No inverno congelante de seus ossos retesados, mesmo sem qualquer proteção no corpo, sabia que, se as ondas estivessem lá, o esforço seria recompensado.  O empreendimento da remada sistemática dos braços sobre a prancha somado às cargas das espumas oceânicas, expandiria o poder da mente e tornaria suportável a permanência em água salgada por alguns preciosos minutos.

Sabia que tomar um banho de mar é como recarregar uma bateria cuja eletricidade é a energia bruta da natureza em estado liquido. Mas não espalhava este conhecimento aos quatro ventos, pois quem deste hábito nunca viveu, custa a aceitar como verossímel, as possibilidades extraordinários alcançadas pela força da adrenalina despejada no sangue, no isolamento térmico do contato com a água salgada.

Só que naquele específico instante de contraste intenso entre o frio corporal e a mente em ebulição, o encanto se quebrou. As ondas estavam lá, lisas, periódicas, vazias, penteadas pela brisa - o templo natural para sempre desejado.

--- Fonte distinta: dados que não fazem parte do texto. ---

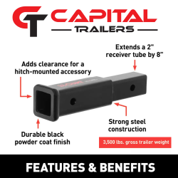 Extension Length: 8" – adds extra clearance for hitch-mounted accessories.
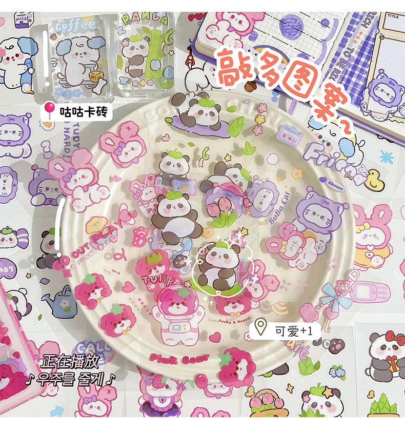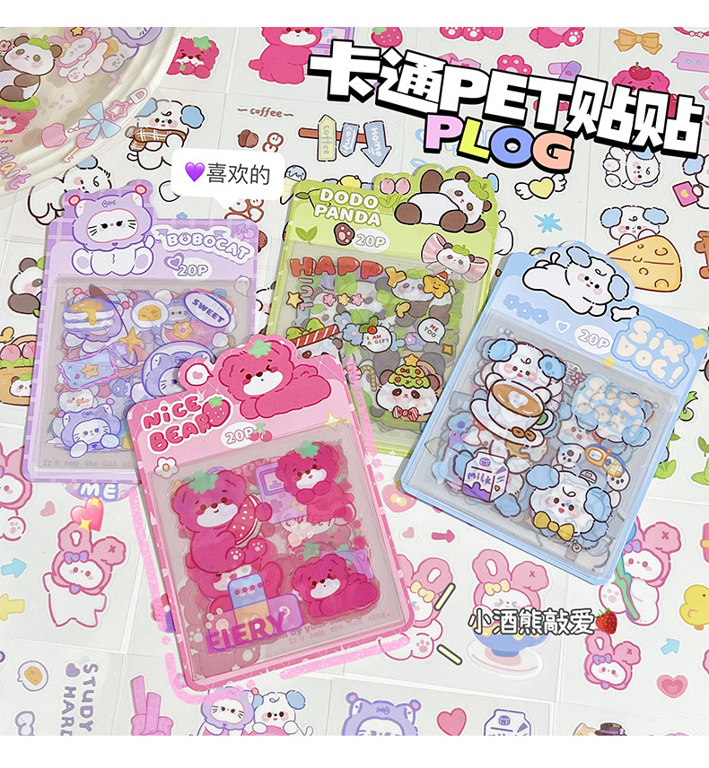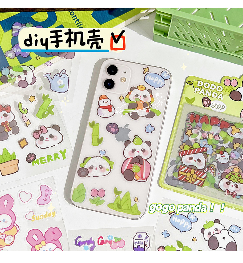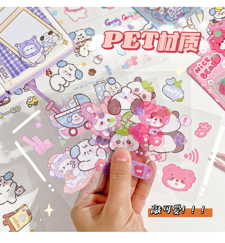 Lindo PET transparente pegatinas de cuentas a mano pintadas DIY Goo Chuck con tazas de agua de dibujos animados pegatinas decorativas de la carcasa del teléfono móvil

Correu por elas em busca de esquecer dos problemas, de estar atento exclusivamente ao momento, mas sucumbiu na perda de equilibrio por estar distante de seu corpo e de sua interação com a natureza.



Questionou se não teria sido a paisagem deslumbrante que se tornara banal por conta da rotina. Do apreço perdido pelas tantas vezes que foi visualizada. Mas estas, ainda assim, poderiam ser recuperadas ao levar os olhos a explorar novas paisagens e a sintonia então prontamente se reestabeleceria. Esta desconexão era maior.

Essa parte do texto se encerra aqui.